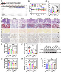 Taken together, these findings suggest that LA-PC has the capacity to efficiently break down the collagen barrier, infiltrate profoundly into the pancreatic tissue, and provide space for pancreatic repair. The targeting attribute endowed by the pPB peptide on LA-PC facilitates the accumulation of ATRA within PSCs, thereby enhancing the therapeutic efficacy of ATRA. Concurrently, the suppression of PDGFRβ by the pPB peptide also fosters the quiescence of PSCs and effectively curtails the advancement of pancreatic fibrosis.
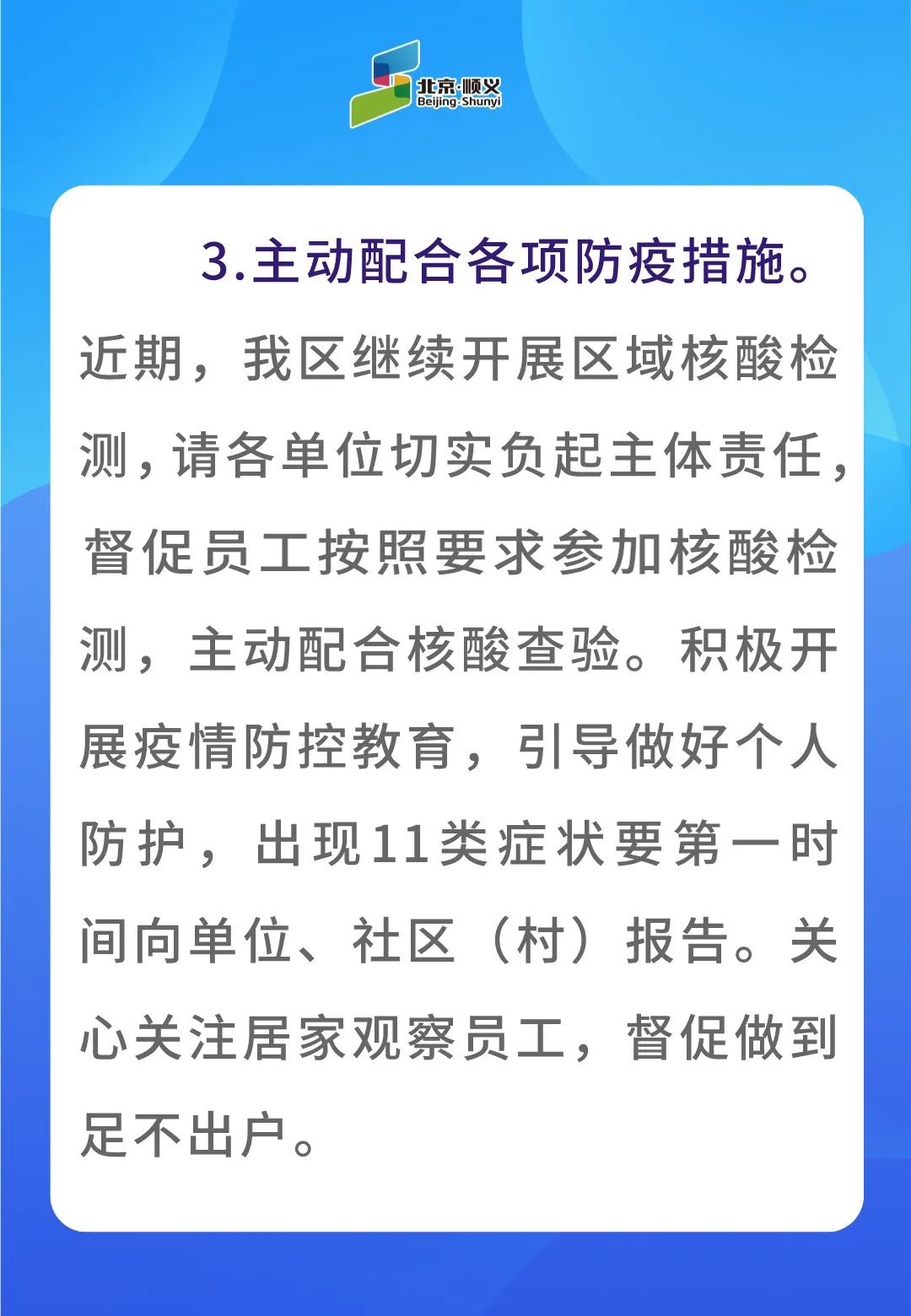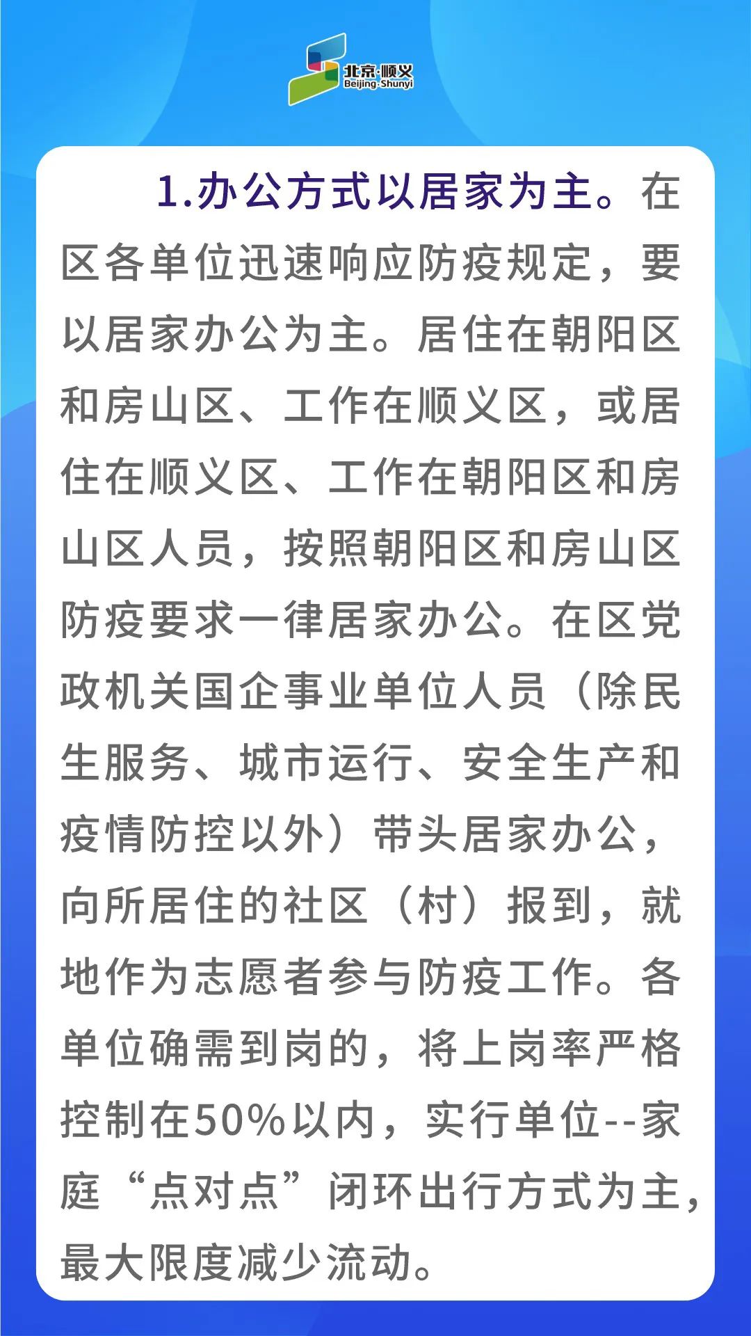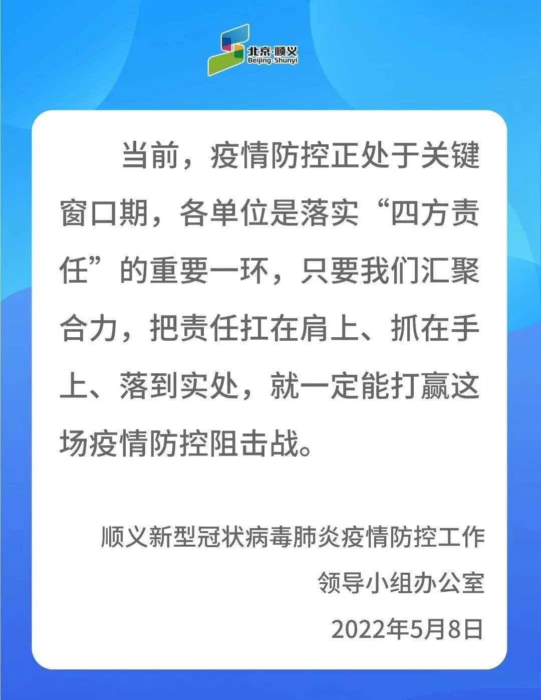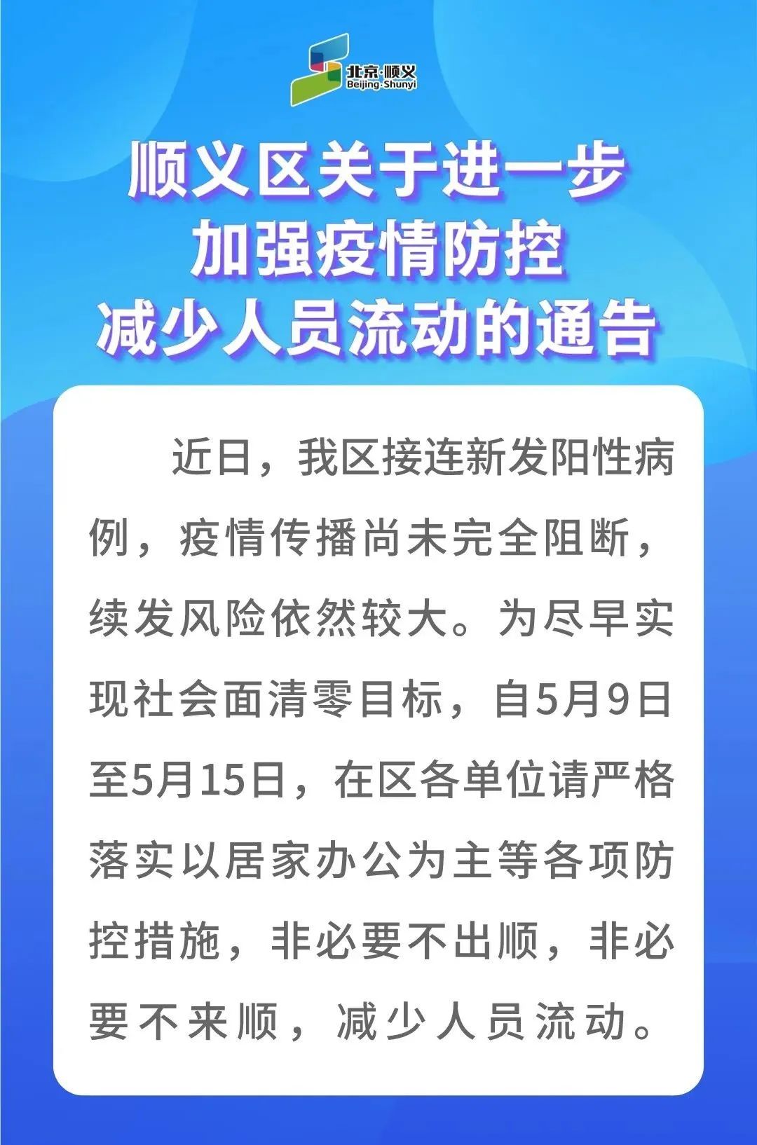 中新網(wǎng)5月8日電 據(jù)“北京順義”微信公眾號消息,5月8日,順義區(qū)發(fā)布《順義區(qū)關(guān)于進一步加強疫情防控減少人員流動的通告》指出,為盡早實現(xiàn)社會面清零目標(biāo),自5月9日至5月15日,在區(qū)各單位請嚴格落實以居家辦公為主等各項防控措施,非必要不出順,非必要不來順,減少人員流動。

══════════════════════════════

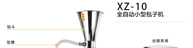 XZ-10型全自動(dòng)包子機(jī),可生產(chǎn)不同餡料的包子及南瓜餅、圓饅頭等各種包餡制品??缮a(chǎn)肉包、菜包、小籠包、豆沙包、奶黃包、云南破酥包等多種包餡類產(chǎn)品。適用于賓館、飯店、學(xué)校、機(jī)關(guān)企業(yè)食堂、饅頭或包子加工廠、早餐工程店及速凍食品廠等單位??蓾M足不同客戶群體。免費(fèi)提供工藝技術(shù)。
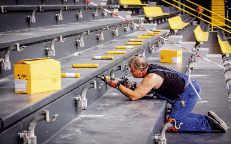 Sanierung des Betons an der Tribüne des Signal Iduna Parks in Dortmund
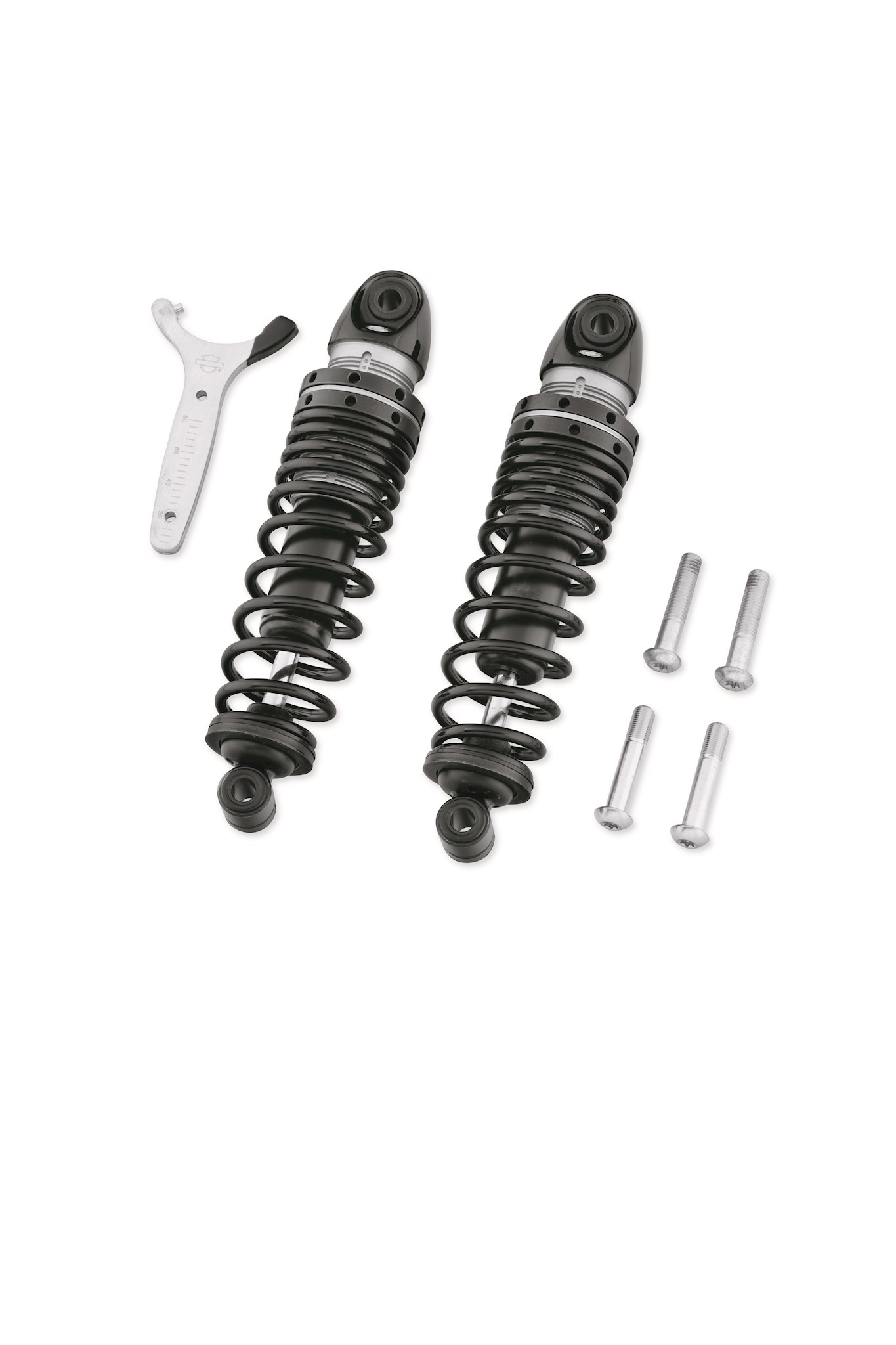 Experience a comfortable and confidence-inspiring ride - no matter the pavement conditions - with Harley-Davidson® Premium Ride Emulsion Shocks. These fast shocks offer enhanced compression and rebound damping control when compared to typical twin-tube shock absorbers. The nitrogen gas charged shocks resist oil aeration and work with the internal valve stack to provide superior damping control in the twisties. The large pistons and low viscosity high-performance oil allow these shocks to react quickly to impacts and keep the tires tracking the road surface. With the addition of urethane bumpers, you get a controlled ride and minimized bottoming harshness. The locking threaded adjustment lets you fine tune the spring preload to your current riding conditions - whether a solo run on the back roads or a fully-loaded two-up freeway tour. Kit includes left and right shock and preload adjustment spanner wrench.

══════════════════════════════

▶ [AIM OF THE TASK]:
If a picture sits between the line containing "Sanierung des Betons" and the line containing "Experience a comfortable", leave it out, and return the lines of that range above exactly, both ends included.

▶ [YOUR RESPONSE]:
 Sanierung des Betons an der Tribüne des Signal Iduna Parks in Dortmund
 Experience a comfortable and confidence-inspiring ride - no matter the pavement conditions - with Harley-Davidson® Premium Ride Emulsion Shocks. These fast shocks offer enhanced compression and rebound damping control when compared to typical twin-tube shock absorbers. The nitrogen gas charged shocks resist oil aeration and work with the internal valve stack to provide superior damping control in the twisties. The large pistons and low viscosity high-performance oil allow these shocks to react quickly to impacts and keep the tires tracking the road surface. With the addition of urethane bumpers, you get a controlled ride and minimized bottoming harshness. The locking threaded adjustment lets you fine tune the spring preload to your current riding conditions - whether a solo run on the back roads or a fully-loaded two-up freeway tour. Kit includes left and right shock and preload adjustment spanner wrench.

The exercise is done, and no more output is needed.